LA COMPLAINTE DES POÈTES
Les derniers spécimens écument les mers
privés d’équipage
de l’aura des chercheurs d’or
impossible d’imaginer une nouvelle terre
chaque parcelle hurle sa peine
seule l’aigreur fertilise encore
témoin de votre échec
d’un ultime effort
pour coloniser le ciel
l’ivresse sous contrôle
vos cris du coeur ne portent plus
tout maudit est en déroute
pourquoi continuer à vivre
à rêver en martyre
les coups de rame vous abrutissent
alors qu’il suffirait
de plier votre paquetage
de policer votre poème
de dire encore et toujours la bonne aventure
la parole qui rassure
ranger vos attributs dans une bouteille
frères et soeurs aux visages oubliés
pour ceux qui se souviendraient encore
de vous à moi mes pionniers sans peur
je vous conjure de résister encore
de sentir la brûlure, d’épouser la flamme
LA MÉTAMORPHOSE
Traverser une autre éclipse
ne plus contenir la bête
des ombres voilà tout ce qui bruisse
sans qu’aucune figure ne s’imprime
rien ne dure, tout glisse
ainsi va ma colère
(ré)écrire pour ceux qui n’existent pas encore
oeuvrer à contre-temps
par-delà ce présent conjugué au passé
souffrir pour accumuler du dire
dans le refus de la souillure
privé des basses besognes des adultes
sans hypocrisie à opposer au ciel
traîner du pied pour me maintenir au chaud
dans les sables des vivants.
A SEC
Pluies frileuses
alopécie du ciel
loin des cascades à présent stériles
qui ne viendront plus adoucir mes nuits
toutes ces « villes intérieures » du manque
ne reflètent que soupirs
parapluies décoratifs
imperméables à vif remisés
dans les zones d’ombre, inutiles
le sol craquelle
en perte de mémoire
l’herbe peine à fleurir
là où les gouttières privées d’Oasis
hurlent à l’asphalte
insensible au ruissellement de mes vers
aux gestes limites
mimant comme une farce
la tornade impossible.
FONCTIONNAIRES DE L’ART
Ils sont là ventre à terre
léchant la botte du plus assassin
reniant les lichens de l’innocence
pour signer sur de douillets coussins
leurs noms interchangeables
déjà usés sans prendre en âge
privés de colonne vertébrale
ils s’acharnent à museler
Ce qui, en nous
est frère du divin.
Grégory Rateau est un écrivain et poète français né en 1984 dans la banlieue parisienne et vivant aujourd’hui en Roumanie où il dirige un média.

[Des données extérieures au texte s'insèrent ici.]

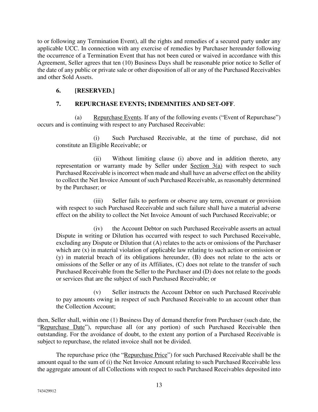 13 743429912 to or following any Termination Event), all the rights and remedies of a secured party under any applicable UCC. In connection with any exercise of remedies by Purchaser hereunder following the occurrence of a Termination Event that has not been cured or waived in accordance with this Agreement, Seller agrees that ten (10) Business Days shall be reasonable prior notice to Seller of the date of any public or private sale or other disposition of all or any of the Purchased Receivables and other Sold Assets. 6. [RESERVED.] 7. REPURCHASE EVENTS; INDEMNITIES AND SET-OFF. (a) Repurchase Events. If any of the following events (“Event of Repurchase”) occurs and is continuing with respect to any Purchased Receivable: (i) Such Purchased Receivable, at the time of purchase, did not constitute an Eligible Receivable; or (ii) Without limiting clause (i) above and in addition thereto, any representation or warranty made by Seller under Section 3(a) with respect to such Purchased Receivable is incorrect when made and shall have an adverse effect on the ability to collect the Net Invoice Amount of such Purchased Receivable, as reasonably determined by the Purchaser; or (iii) Seller fails to perform or observe any term, covenant or provision with respect to such Purchased Receivable and such failure shall have a material adverse effect on the ability to collect the Net Invoice Amount of such Purchased Receivable; or (iv) the Account Debtor on such Purchased Receivable asserts an actual Dispute in writing or Dilution has occurred with respect to such Purchased Receivable, excluding any Dispute or Dilution that (A) relates to the acts or omissions of the Purchaser which are (x) in material violation of applicable law relating to such action or omission or (y) in material breach of its obligations hereunder, (B) does not relate to the acts or omissions of the Seller or any of its Affiliates, (C) does not relate to the transfer of such Purchased Receivable from the Seller to the Purchaser and (D) does not relate to the goods or services that are the subject of such Purchased Receivable; or (v) Seller instructs the Account Debtor on such Purchased Receivable to pay amounts owing in respect of such Purchased Receivable to an account other than the Collection Account; then, Seller shall, within one (1) Business Day of demand therefor from Purchaser (such date, the “Repurchase Date”), repurchase all (or any portion) of such Purchased Receivable then outstanding. For the avoidance of doubt, to the extent any portion of a Purchased Receivable is subject to repurchase, the related invoice shall not be divided. The repurchase price (the “Repurchase Price”) for such Purchased Receivable shall be the amount equal to the sum of (i) the Net Invoice Amount relating to such Purchased Receivable less the aggregate amount of all Collections with respect to such Purchased Receivables deposited into

Il est l’auteur d’un premier roman, Noir de soleil, chez Maurice Nadeau (sélectionné au Prix France-Liban et au Prix Ulysse du premier roman 2020) et d’un premier recueil très plébiscité, Conspiration du réel, chez Unicité. Ses poèmes sont valorisés dans plusieurs anthologies et dans une trentaine de revues en France/Corse, Belgique, Suisse, Roumanie, Portugal, Pérou, Haïti, Espagne et Italie (Arpa, Europe, Esprit, En Attendant Nadeau, Verso, Place de la Sorbonne, Points et Contrepoints, Le Persil, Traversées, Bleu d’encre, Recours au poème…). Son nouveau recueil, Imprécations nocturnes vient de sortir chez Conspiration éditions ainsi qu’un livre illustré de ses poèmes en collaboration avec le peintre Jacques Cauda, Nemo, chez RAZ éditions.